Maintenance Supervisors & the Balancing Act

Sep 8, 2020 | Leadership in Maintenance Articles, TRM Blog | 0 comments

Owe Forsberg

CMRP, CAMA, VP of IDCON, Inc.

an Independent Subsidiary of TRM, Inc.

 

In today’s maintenance organization the supervisor is one of the most important positions. The skill of “balancer” is essential to her/his success. The need to meet goals and initiatives set out by upper- and mid-management must be balanced with taking care of the crafts team. In other words, the daily business needs must be managed by having motivated and trained people complete their job every day every time.

Maintenance Supervisor Key Responsibilities

The supervisor ultimately decides if Current Best Practice (CBP’s) implementation and execution will be successful in the plant. In a CBP process environment the Supervisor is contacted for all emergencies within her/his area of responsibility.

The supervisor decides how to or when to break the weekly schedule that was set at 2:00 pm the previous Thursday afternoon. This may require that the supervisor doesn’t stress out, especially when reactive work has to be balanced with the scheduled work.
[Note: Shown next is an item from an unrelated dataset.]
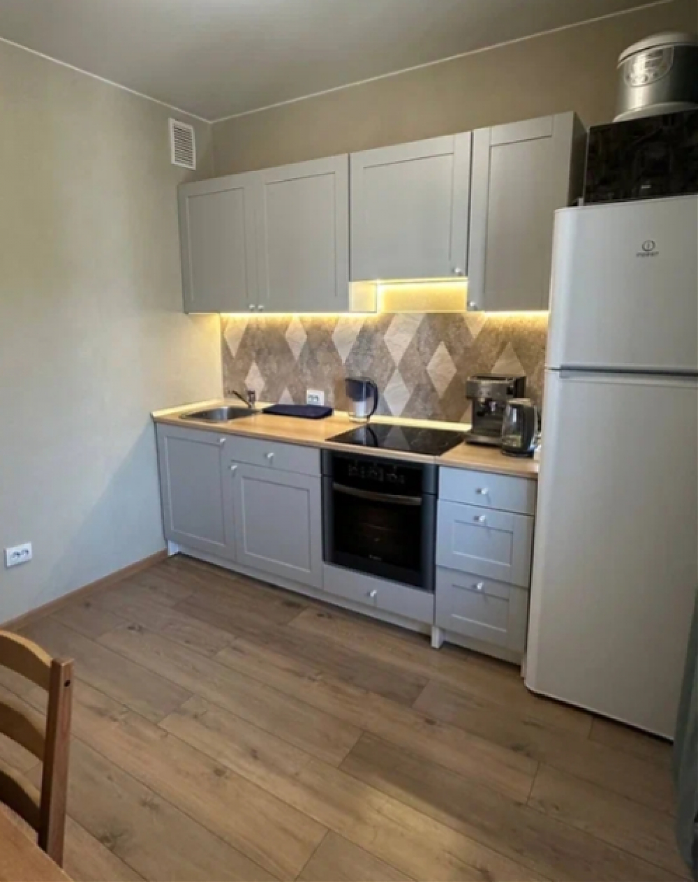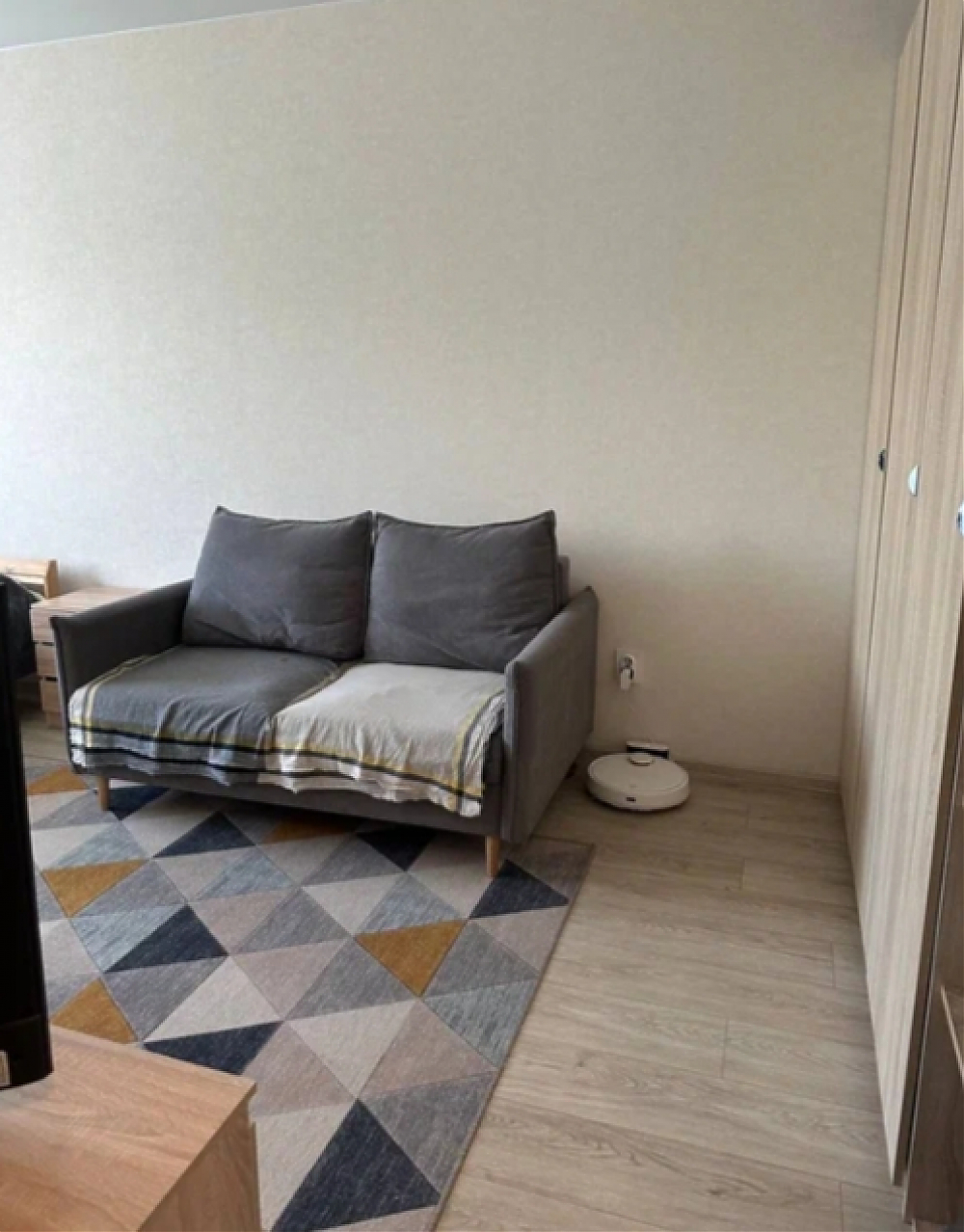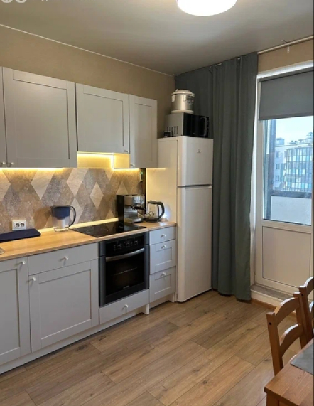 В квартире выполнен свежий евро ремонт, все комнаты изолированные. В комнате установлен удобный диван и вместительный шкаф. Из мебели также есть обеденный стол и стулья. В кухне современная бытовая техника: холодильник, варочная панель, духовой шкаф и микроволновая печь. Ванная комната совмещенная, оснащена душевой кабиной и стиральной машиной. Лоджия застеклена и оборудована полками для хранения вещей.

The key responsibilities of the maintenance supervisor include the following:

  • Hire and select the right craft
  • Train and develop craft
  • Promote teamwork
  • Be able to get work done through other people – execution
  • Provide performance management
  • Leadership – walk the talk and develop trust
  • Have leadership to challenge and come to agreement with managers and her/his craft people – always with the business interest in mind first
  • Administrative skills and time management
  • Leadership – the ability to create a winning culture to continuously improve and get better as a business

One misconception is that high performance teams do not need a supervisor. The supervisor is necessary to foster a high-performance team. The supervisor role may change based on the maturity of the team, as the leadership develops into coaching and facilitation of the team rather than being the “fearless” leader driving the team to success.

A supervisor must be able to execute the work process against best practices work process in maintenance that includes the following steps:

  • Work initiation
  • Approval of work
  • Prioritization
  • Planning
  • Scheduling
  • Execution
  • Recording of work in history data base
  • Root Cause Problem Elimination (RCPE)

IDCON has completed many assessments and the largest hurdle to overcome is execution according to best practices. As a famous Maintenance Guru said, “We can all agree to the process of maintenance, but the know-do gap is still the most difficult part” i.e. execution according to the process. Without excellent supervisors you may never overcome the know-do gap.

Owe Forsberg is Vice President of IDCON INC a Reliability and Maintenance Management Consulting and Training company. He is responsible for developing IDCON’s new educational products, implementation support for clients’ reliability and maintenance projects, and sales. He is a Certified Maintenance and Reliability Professional (CMRP) and Certified Asset Management Assessor (CAMA).